┌─ INFORMATION PROVIDED
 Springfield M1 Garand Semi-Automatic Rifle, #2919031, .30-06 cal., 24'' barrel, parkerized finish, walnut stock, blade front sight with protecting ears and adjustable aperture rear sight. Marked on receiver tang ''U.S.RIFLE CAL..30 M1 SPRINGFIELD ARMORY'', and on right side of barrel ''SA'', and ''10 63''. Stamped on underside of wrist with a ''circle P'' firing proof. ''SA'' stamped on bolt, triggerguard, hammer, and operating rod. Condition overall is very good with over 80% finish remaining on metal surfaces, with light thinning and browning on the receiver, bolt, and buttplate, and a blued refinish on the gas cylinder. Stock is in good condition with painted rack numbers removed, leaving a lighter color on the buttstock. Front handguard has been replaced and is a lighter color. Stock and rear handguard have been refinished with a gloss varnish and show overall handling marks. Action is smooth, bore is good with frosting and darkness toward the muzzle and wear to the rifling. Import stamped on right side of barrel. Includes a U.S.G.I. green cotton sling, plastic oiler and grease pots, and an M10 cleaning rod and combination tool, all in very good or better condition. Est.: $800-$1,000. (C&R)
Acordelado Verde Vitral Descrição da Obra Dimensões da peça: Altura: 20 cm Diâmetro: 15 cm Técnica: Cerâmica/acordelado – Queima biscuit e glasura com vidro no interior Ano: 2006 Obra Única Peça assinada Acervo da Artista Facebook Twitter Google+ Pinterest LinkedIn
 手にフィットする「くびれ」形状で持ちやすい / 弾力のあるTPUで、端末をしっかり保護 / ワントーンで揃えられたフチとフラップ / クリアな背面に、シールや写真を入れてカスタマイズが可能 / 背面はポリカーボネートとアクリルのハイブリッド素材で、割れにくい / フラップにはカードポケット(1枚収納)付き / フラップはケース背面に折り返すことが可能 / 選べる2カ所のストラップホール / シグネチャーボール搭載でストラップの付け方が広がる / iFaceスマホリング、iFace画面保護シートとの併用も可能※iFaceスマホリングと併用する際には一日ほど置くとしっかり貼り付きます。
└─
Everything in the listing needs to appear again exactly.

 Springfield M1 Garand Semi-Automatic Rifle, #2919031, .30-06 cal., 24'' barrel, parkerized finish, walnut stock, blade front sight with protecting ears and adjustable aperture rear sight. Marked on receiver tang ''U.S.RIFLE CAL..30 M1 SPRINGFIELD ARMORY'', and on right side of barrel ''SA'', and ''10 63''. Stamped on underside of wrist with a ''circle P'' firing proof. ''SA'' stamped on bolt, triggerguard, hammer, and operating rod. Condition overall is very good with over 80% finish remaining on metal surfaces, with light thinning and browning on the receiver, bolt, and buttplate, and a blued refinish on the gas cylinder. Stock is in good condition with painted rack numbers removed, leaving a lighter color on the buttstock. Front handguard has been replaced and is a lighter color. Stock and rear handguard have been refinished with a gloss varnish and show overall handling marks. Action is smooth, bore is good with frosting and darkness toward the muzzle and wear to the rifling. Import stamped on right side of barrel. Includes a U.S.G.I. green cotton sling, plastic oiler and grease pots, and an M10 cleaning rod and combination tool, all in very good or better condition. Est.: $800-$1,000. (C&R)
Acordelado Verde Vitral Descrição da Obra Dimensões da peça: Altura: 20 cm Diâmetro: 15 cm Técnica: Cerâmica/acordelado – Queima biscuit e glasura com vidro no interior Ano: 2006 Obra Única Peça assinada Acervo da Artista Facebook Twitter Google+ Pinterest LinkedIn
 手にフィットする「くびれ」形状で持ちやすい / 弾力のあるTPUで、端末をしっかり保護 / ワントーンで揃えられたフチとフラップ / クリアな背面に、シールや写真を入れてカスタマイズが可能 / 背面はポリカーボネートとアクリルのハイブリッド素材で、割れにくい / フラップにはカードポケット(1枚収納)付き / フラップはケース背面に折り返すことが可能 / 選べる2カ所のストラップホール / シグネチャーボール搭載でストラップの付け方が広がる / iFaceスマホリング、iFace画面保護シートとの併用も可能※iFaceスマホリングと併用する際には一日ほど置くとしっかり貼り付きます。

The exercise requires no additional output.